Exploring the Scriptures
Anyone who is paying attention knows that this life is far from perfect. There are disappointments and heartaches, illnesses and pain. “Change and decay in all around I see,” we sing in another favorite hymn of trust and hope (LSB 878:4). And of course, there is death. Most people think of death as an unfortunate but normal part of life. There may be some vague thought of heaven (never hell!) for the nice people; for some, death means simply disintegration back into the earth and no more. But there is more; there is much more, for Jesus has promised to return on the Last Day and raise the dead. It won’t be just the righteous that He raises, but all people, as we confess in the Nicene Creed: “I look for the resurrection of the dead and the life of the world to come” (LSB, p. 191). The Athanasian Creed goes even further, stating, “And those who have done good will enter into eternal life, and those who have done evil into eternal fire” (LSB, p. 320), meaning that those who have rejected Jesus will experience weeping and gnashing of teeth in eternal damnation.

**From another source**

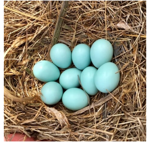
Nine bluebird eggs in one nest, laid by two females sharing a nest. Green Hill Cemetery Trail in Danville, Virginia.

Returning on April 25, there was one baby and eight eggs, so I returned three days later to find eight babies and

❚ Read 1 Cor. 15:12–28. When (or who) is the beginning of death and the end of death, according to verse 21? Why should this give us hope?
❚ Read Psalm 90. How should we consider this life in light of this psalm? Should we put our hope and trust in the things of our life now?
Exploring the Hymn
The text was written by Martin Schalling (1532–1608), a Lutheran pastor and theologian who was a disciple of the reformer Philipp Melanchthon, author of the Augsburg Confession. Schalling lived during a time of intense religious strife, which reached even outside Germany and throughout Europe. As the Reformation moved forward, the Roman Catholics often fought back, countering with their own documents and creeds. At that time, Germany was composed of many small principalities and kingdoms. It was up to each individual ruler to decide on the religious confession of his territory, leading to many changes as rulers came and went. Unfortunately, these battles of words often spilled out into battles of swords, and many were killed in wars and power struggles during this time.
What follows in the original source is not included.